Exercise aim: Go through the entries below and print each one exactly, leaving out pictures.

Given data:
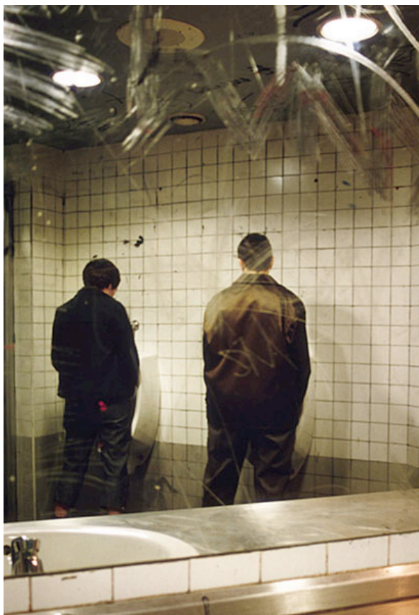
Cabello / Carceller, Autorretrato como fuente , 2001

En Espacios de poder (2005) varias mujeres interpretan papeles masculinos extraídos de películas como La lista de Schindler o El apartamento . Estas imágenes dejan ver la artificiosidad de la virilidad fílmica a la vez que demuestran cómo una mujer puede ostentar el mismo rango de poder que un hombre. De este modo se pretenden superar las rígidas categorías de lo masculino y lo femenino dejando ver cómo el género es siempre una copia sin original. En palabras de Jesús Martínez Oliva: “La masculinidad femenina lejos de ser una imitación de la masculinidad nos hace vislumbrar cómo la masculinidad "verdadera" es construida como tal. La masculinidad femenina es uno de los componentes que enmarcan la masculinidad normativa; son algunos de los residuos rechazados por esa masculinidad dominante, para hacer que ella parezca la real y la auténtica” 21 .
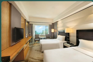
成都皇冠假日酒店 或同級 ★★★★★
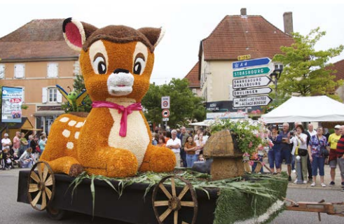
Le Corso Fleuri - 6 juillet 2025
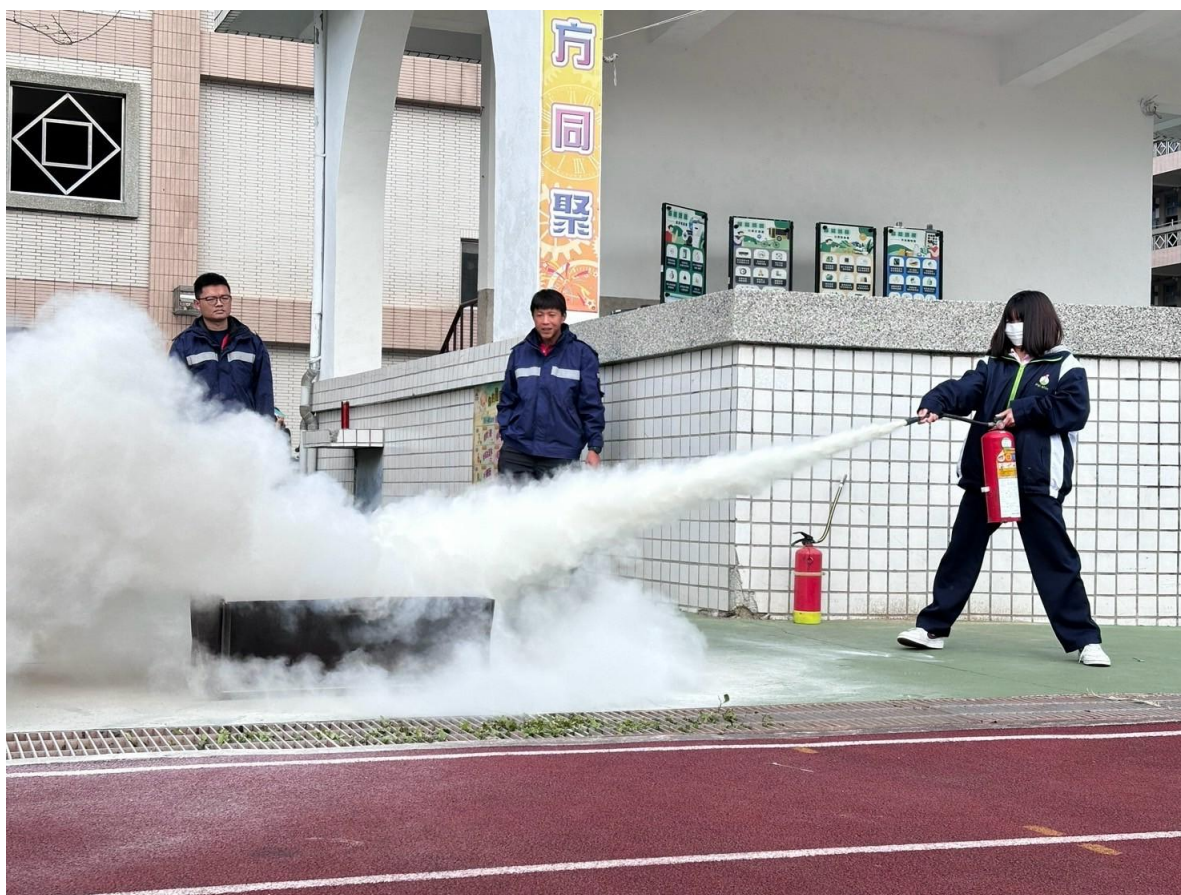
照片說明：消防隊至本校進行防火宣導及滅火器使用演練
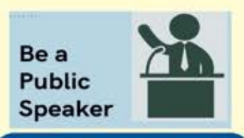
4. Practicing basic Delivery Techniques
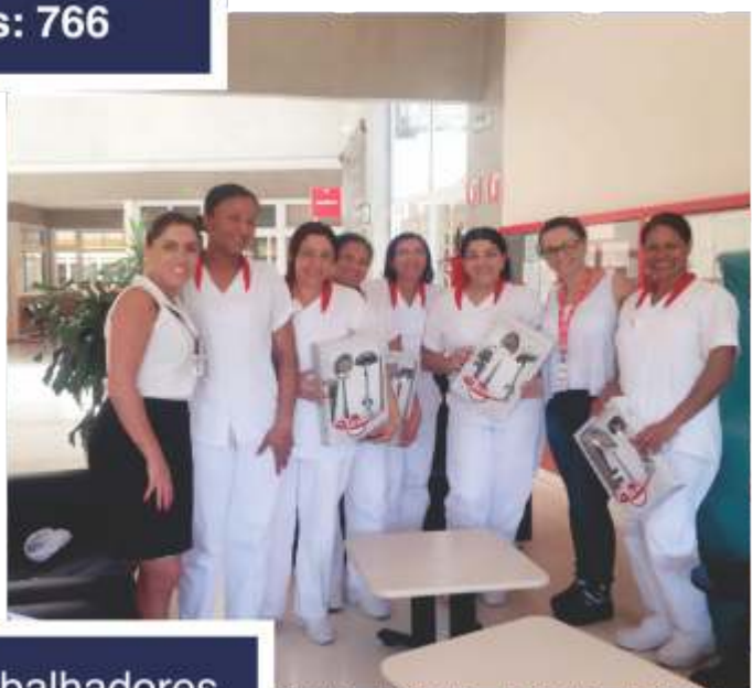
Total de Trabalhadores visitados: 4.909
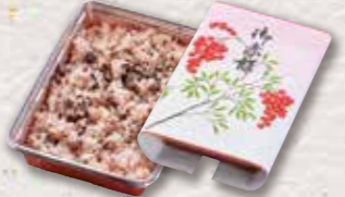
623 赤飯 540円(税込) 500円(税別)

Reply:
Cabello / Carceller, Autorretrato como fuente , 2001

En Espacios de poder (2005) varias mujeres interpretan papeles masculinos extraídos de películas como La lista de Schindler o El apartamento . Estas imágenes dejan ver la artificiosidad de la virilidad fílmica a la vez que demuestran cómo una mujer puede ostentar el mismo rango de poder que un hombre. De este modo se pretenden superar las rígidas categorías de lo masculino y lo femenino dejando ver cómo el género es siempre una copia sin original. En palabras de Jesús Martínez Oliva: “La masculinidad femenina lejos de ser una imitación de la masculinidad nos hace vislumbrar cómo la masculinidad "verdadera" es construida como tal. La masculinidad femenina es uno de los componentes que enmarcan la masculinidad normativa; son algunos de los residuos rechazados por esa masculinidad dominante, para hacer que ella parezca la real y la auténtica” 21 .
成都皇冠假日酒店 或同級 ★★★★★
Le Corso Fleuri - 6 juillet 2025
照片說明：消防隊至本校進行防火宣導及滅火器使用演練
4. Practicing basic Delivery Techniques
Total de Trabalhadores visitados: 4.909
623 赤飯 540円(税込) 500円(税別)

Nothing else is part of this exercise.